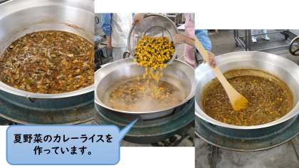 夏野菜のカレーライスは、夏野菜のかぼちゃ、なす、ピーマンなどを使用した夏を感じることができるカレーでした。
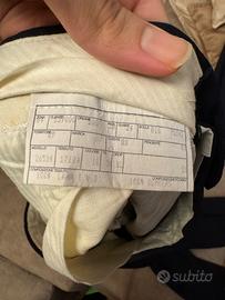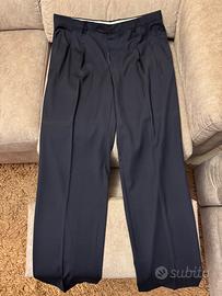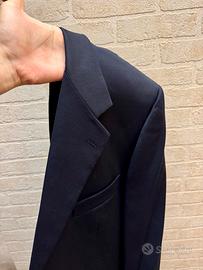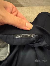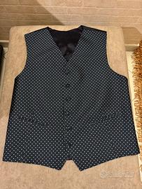 Vendo vestito completo cerimoniale, molto elegante e di alta qualità. Giacca, pantaloni, cravatta e gilet. Colore della giacca e pantalone blu scuro, gilet e cravatta blu a punti bianchi. Taglia 54 e di materiale pura lana vergine e viscosa mentre il gilet è di seta. Completo di bottoni e tasche. PS: Per altre foto e misure contattare. 🇮🇹 Prodotto in Italia 👌🏼 Perfette condizioni; 🚚 Spedisco in 12/24 h con imballaggio accurato.
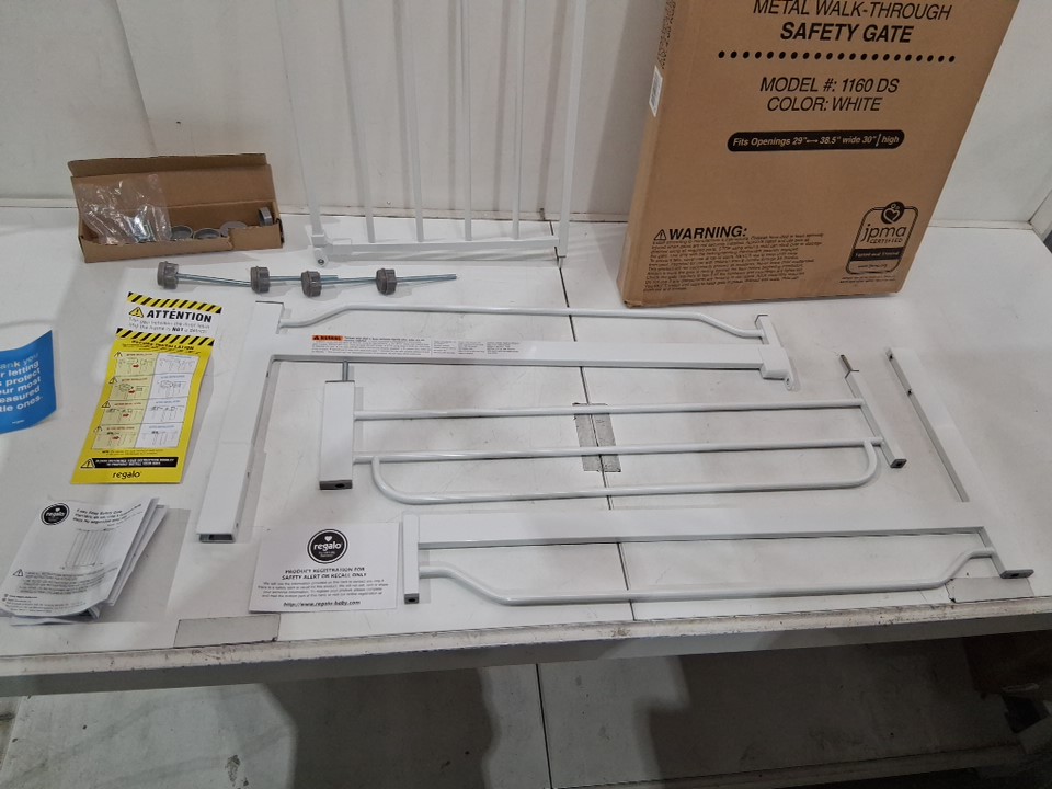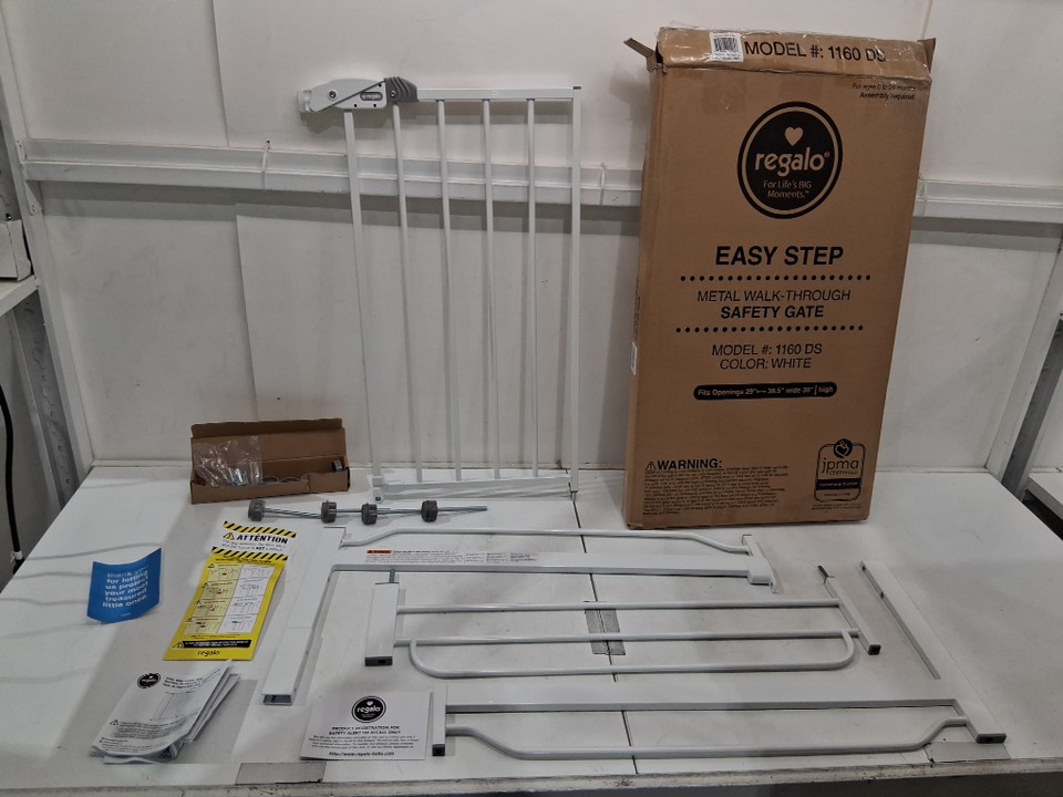 REGALO EASY-STEP METAL WALK-THROUGH SAFETY GATE - 29''-38.5" x 30" - WHITE (MODEL: 1160DS)
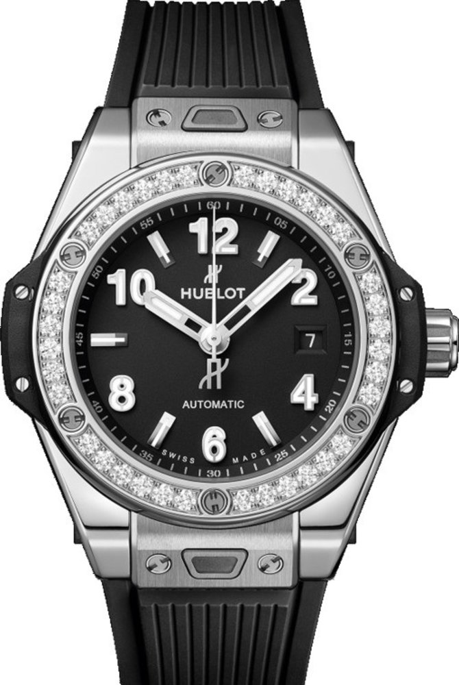 Швейцарская часовая компания Hublot презентовала наручные часы Big Bang One Click 33 mm 485.SX.1170.RX.1204 в корпусе из нержавеющей стали, диаметром 33 мм, внутри которого установлен механический калибр HUB1120 с индикацией таких данных: часы, минуты, секунды, дата. Безель инкрустирован бриллиантами белого цвета с классической огранкой. В комплекте поставляется каучуковый ремень с классической вставкой. Циферблат накрыт стеклом из сапфирового кристалла. Корпус обладает 100-метровой герметичностью. На часовые метки и стрелки нанесено люминесцентное покрытие.
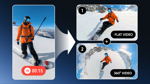 Capture a share-ready flat video and a full 360° video at the same time for flexible editing and ins
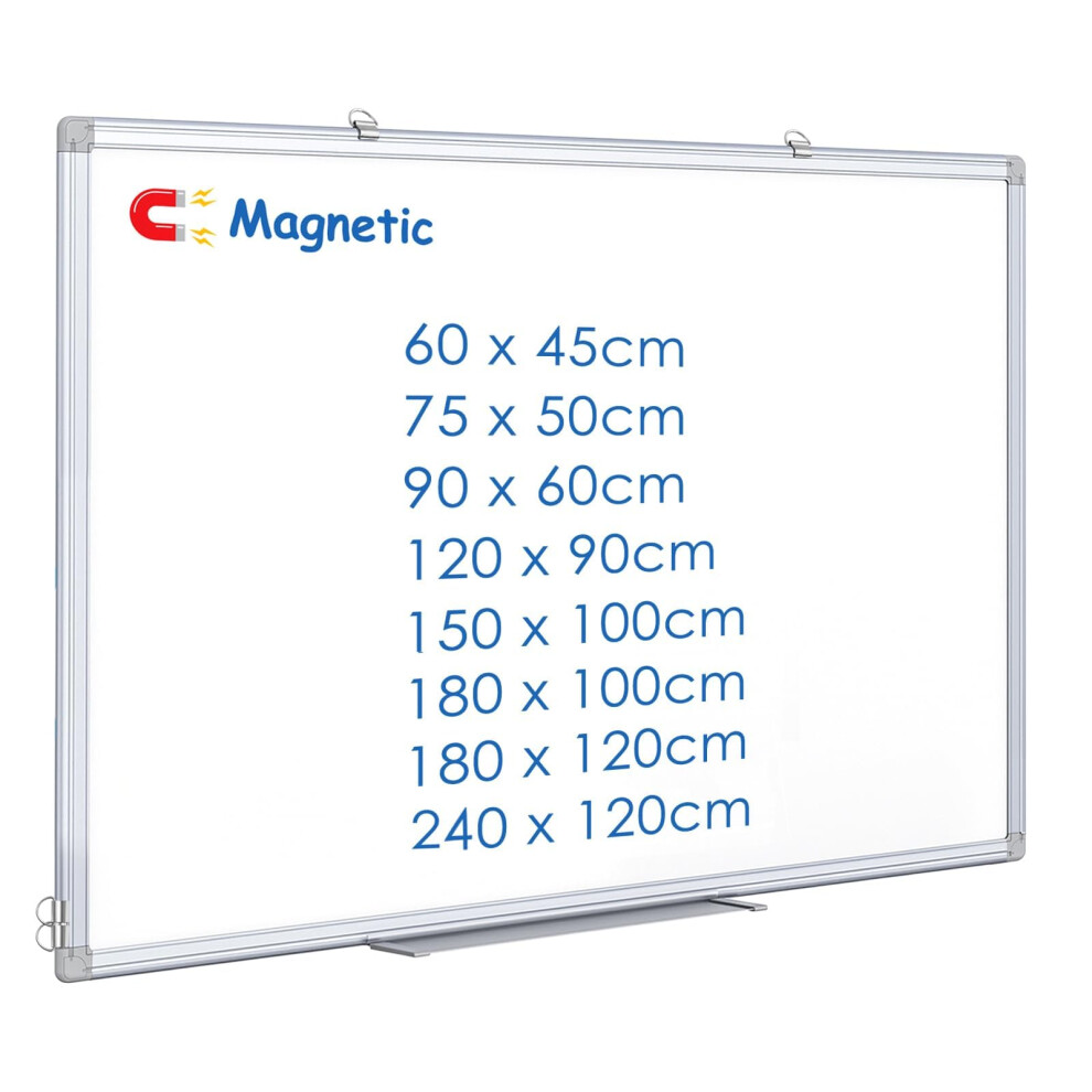 DOLLAR BOSS Large Whiteboard, White Board for Walls 120X90 CM Magnetic Board for Wall Magnet Board with Pen Tray Aluminium Trim and Dry Wipe Board Writing Board for Office School and Home
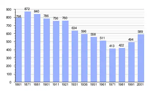 Gráfica de evolución demográfica de Montaldo Torinese entre 1861 y 2001 |
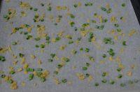 1.在烤盘上撒上葱碎,肉松,火腿肠碎
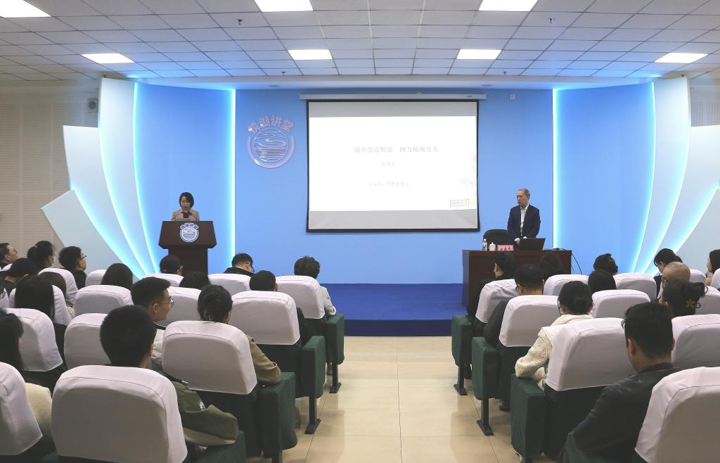 为大力弘扬教育家精神,深化干部能力作风建设,使我校辅导员践行为党育人、为国育才的光荣使命,推动思政育人工作向纵深发展,4月22日上午,我校邀请“时代楷模”“最美奋斗者”“全国师德标兵”“全国优秀教师”“全国道德模范”等荣誉称号获得者、大连海事大学曲建武教授来校作报告。各学院党委副书记、全体辅导员及师生代表到场聆听学习。报告会由学生工作部部长任婵媛主持。
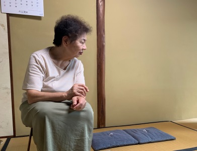 朋子先生は、ひざを痛めて正座ができません。そんな中、けいこありがとうございます。
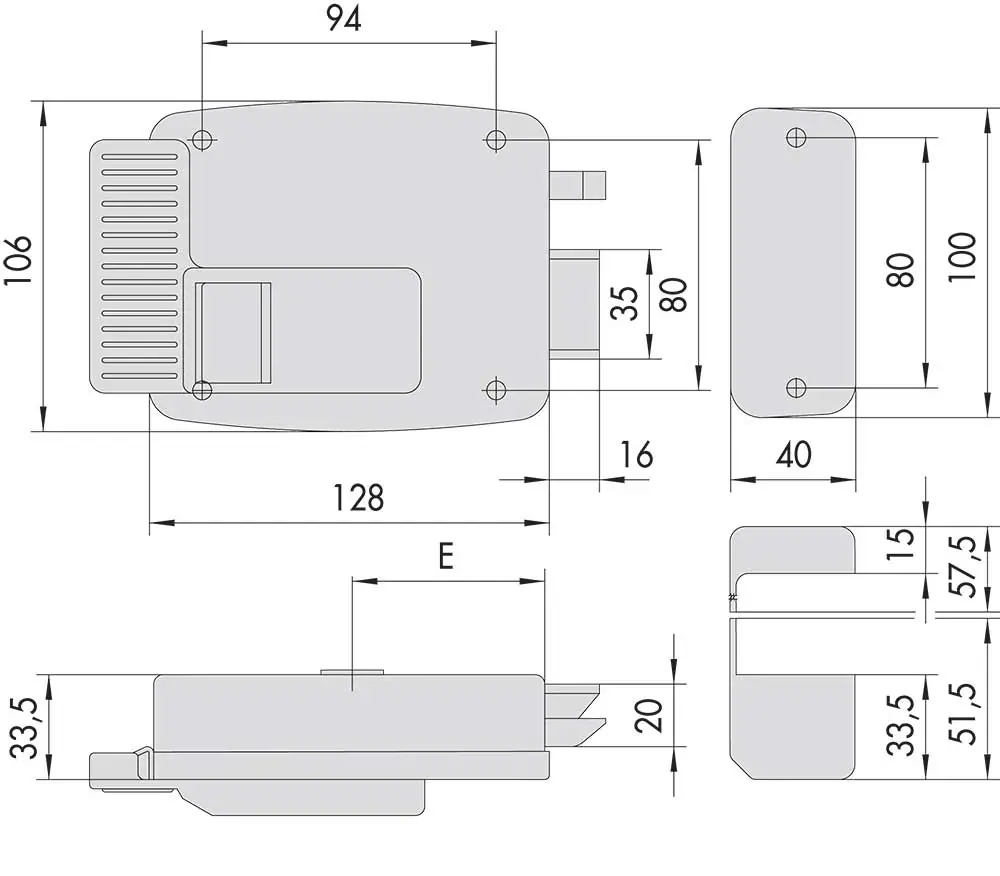 La serratura è prodotta in sei varianti, differenziate per entrata (E.) e verso di apertura:
○ ○ ○
• Problem to solve: The answer must be an exact transcription of the lines from the one holding "朋子先生は、ひざを痛めて正座" to the last line of the entries above, with no pictures and nothing else.

• Task answer:
 朋子先生は、ひざを痛めて正座ができません。そんな中、けいこありがとうございます。
 La serratura è prodotta in sei varianti, differenziate per entrata (E.) e verso di apertura:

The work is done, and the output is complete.